# Supplied information
----------
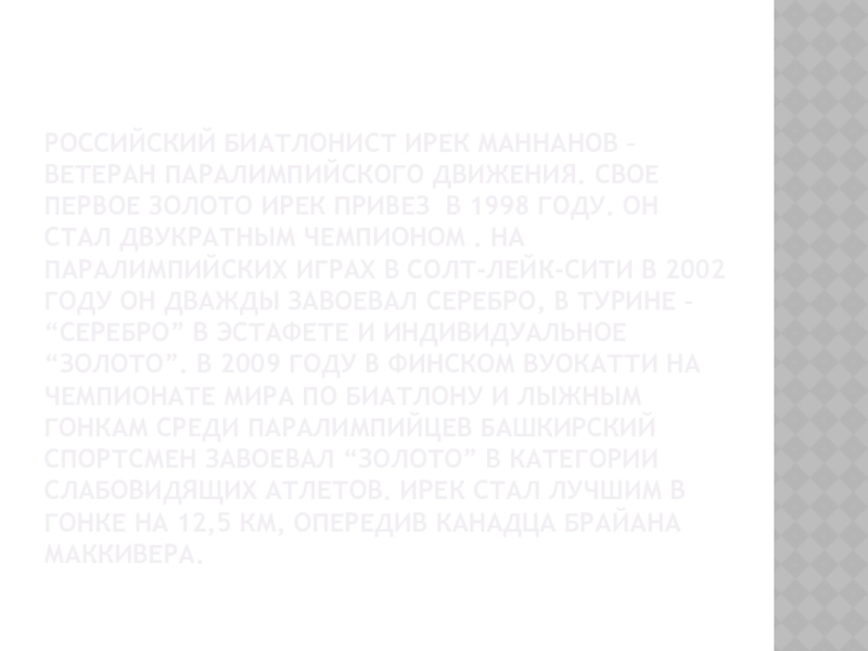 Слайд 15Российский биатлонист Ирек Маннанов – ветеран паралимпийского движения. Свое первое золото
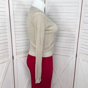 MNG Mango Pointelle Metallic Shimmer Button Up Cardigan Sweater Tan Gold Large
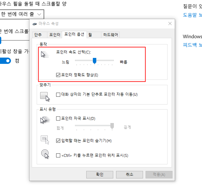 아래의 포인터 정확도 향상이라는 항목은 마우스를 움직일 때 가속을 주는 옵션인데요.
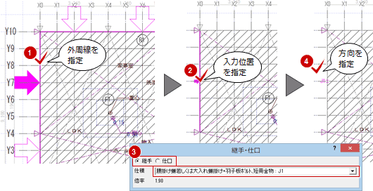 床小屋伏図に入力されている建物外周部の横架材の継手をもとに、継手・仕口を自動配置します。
----------
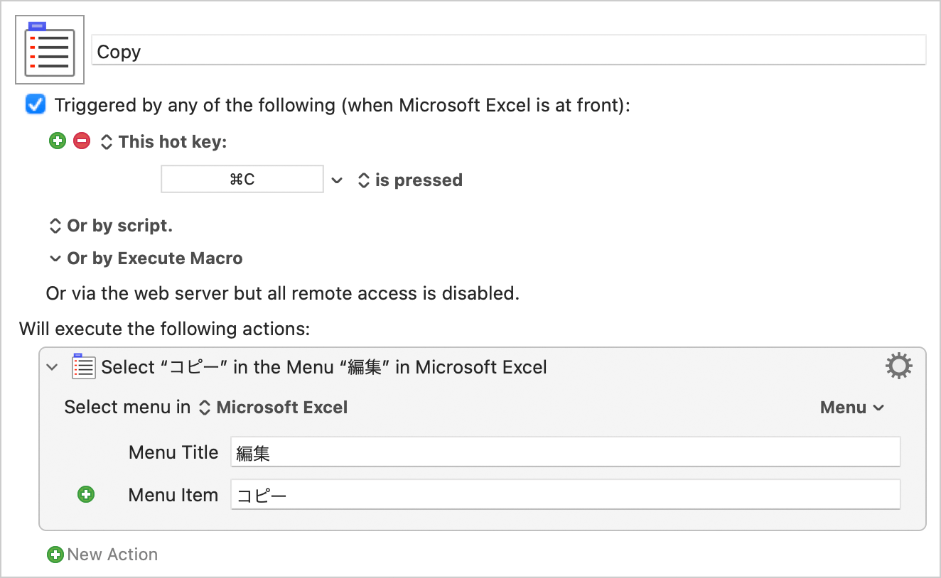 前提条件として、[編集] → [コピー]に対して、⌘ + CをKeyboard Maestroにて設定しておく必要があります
----------
# About this exercise
Repeat, word for word, the lines of the material above from the one holding "Слайд 15Российский биатлонист" through the one holding "床小屋伏図に入力されている建". Leave out pictures.

# Answer box
 Слайд 15Российский биатлонист Ирек Маннанов – ветеран паралимпийского движения. Свое первое золото
 MNG Mango Pointelle Metallic Shimmer Button Up Cardigan Sweater Tan Gold Large
 아래의 포인터 정확도 향상이라는 항목은 마우스를 움직일 때 가속을 주는 옵션인데요.
 床小屋伏図に入力されている建物外周部の横架材の継手をもとに、継手・仕口を自動配置します。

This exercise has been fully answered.